Determination of amnionicity and chorionicity is critical in the antenatal management of twins and should be done in the first trimester.
Chorionicity is important for managing structural anomalies, aneuploidy, the aetiology of fetal growth and/or fluid discordance, early diagnosis of twin-to-twin transfusion syndrome, and the management of a surviving twin following intrauterine demise.
There is a high mortality and morbidity of monoamniotic twins.
Monochorionic means 1 shared placenta.
Dichorionic means 2 placentas (twins/triplets).
Trichorionic means 3 placentas (triplets) and so on.
The amnion may be around 1 of the fetuses or there may be a second or third foetus within the same amniotic sac. It is important to turn the gain up to see if there is a thin membrane between the fetuses.
Labelling Foetal number
When labelling the fetuses it is important to be consistent so that follow up scanning does not mistakenly change the order.
The first twin, labelled Twin A or Twin 1, is closest to the cervix. The second fetus is the fetus adjacent to fetus 1 and next closest to the cervix, etc.
The number of yolk sacs may help diagnose the amnionicity of the twins.
When 2 yolk sacs are seen in the extra-embryonal coelom, the pregnancy will be diamniotic, while a single yolk sac in most cases indicates mono-amniotic twins.
A single yolk sac seen when there are two embryos should prompt a follow-up first trimester scan to definitively assign amnionicity.
Twin Peak/Lambda Sign/Chorionic Peak
The lambda sign λ is the symbol for the eleventh lower-case letter in the Greek alphabet. It refers to the triangular projection of chorion between the layers of inter-twin membranes.
The triangular shape is shown upside down below.
It is best seen between 10- 14 weeks gestation. If seen it is highly suggestive of dichorionic diamniotic twins (DCDA). It is also known as the twin peak sign because the fusion of the placentas looks like the appearance of a mountain top between the two sacs.
Lambda/Twin Peak/Chorionic Peak sign
Lambda λ is the symbol for the eleventh lower-case letter in the Greek alphabet. The triangular shape is shown upside down here.
Absence of sign
These twins at 6 weeks have 2 separate gestational sacs (ie diamniotic, dichorionic).
Monochorionic Diamniotic twins (MCDA)
These twins share a placenta which is posteriorly positioned but have an amniotic membrane separating them.

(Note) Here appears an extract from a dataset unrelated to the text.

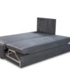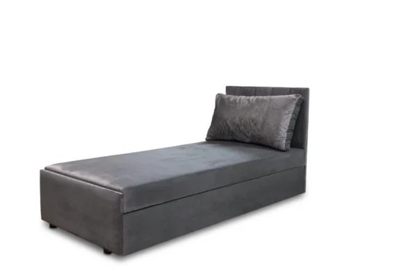 Największą zaletą łóżka jest funkcja dodatkowego spania – po rozłożeniu powierzchnia powiększa się do 160×190 cm, idealna dla gości lub większej wygody. Do łóżka dołączona jest również poduszka o wymiarach 45×90 cm, która zwiększa komfort odpoczynku. To praktyczne i eleganckie rozwiązanie, które łączy styl z funkcjonalnością.

At this early stage (6 weeks) it is difficult to ascertain the chorionicity and amnionicity. At 10-12 weeks gestation it is more accurate.
Uncertain triplet chorionicity at this early stage.

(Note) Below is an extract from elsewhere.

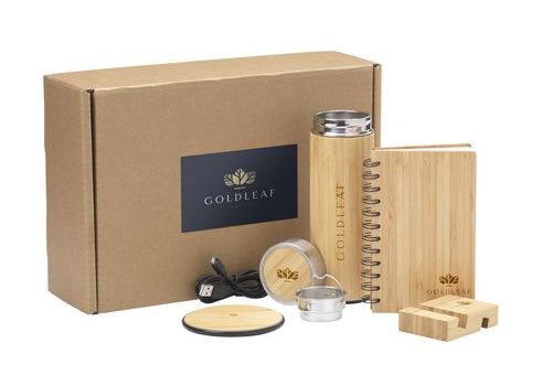 Make this set even more special by printing a logo on each individual product and/or a sticker on the box. These products are delivered as a set in a durable kraft gift box.

In this gestational sac there are 2 fetuses (A and B) within 1 amnion and and a third fetus within another amniotic sac. At this early stage it is very difficult to assess for chorionicity but it is potentially MCDA or DCDA or DCTA triplets.
Look for the number of yolk sacs
The number of yolk sacs may help diagnose the amnionicity.8 When 2 yolk sacs are seen in the extra-embryonal coeloma, the pregnancy will be diamniotic, while a single yolk sac will in most cases indicate monoamniotic twins. A single yolk sac seen when there are dual embryos should prompt a follow-up first trimester scan to definitively assign amnionicity.
Trichorionic Triamniotic Triplets (TCTA)
This sagittal view of the uterus show 3 individual gestational sacs.
These triplets will develop their own placenta. The thick dividing membranes show the “lambda sign”.
Each triplet is labelled A,B and C in order of the distance from the cervix.
Dichorionic Triamniotic Triplets (DCTA)
Two of the fetuses share a placenta with a thin amniotic membrane dividing them (DA) and the third triplet sits within its own gestational sac and therefore has its own placenta. Ths there are 2 placentas in total and 3 amnions – DCTA
Role of Ultrasound
To ascertain the gestational age, amnionicity and chorionicity of the fetuses as well as the viability.
If the scan is done before 10 weeks it can be difficult to determine both the amnionicity and chorionicity accurately.
A full bladder for an initial scan before proceeding to a transvaginal scan.
The highest frequency probe possible which allows penetration through to the posterior wall of the uterus at the lowest power level.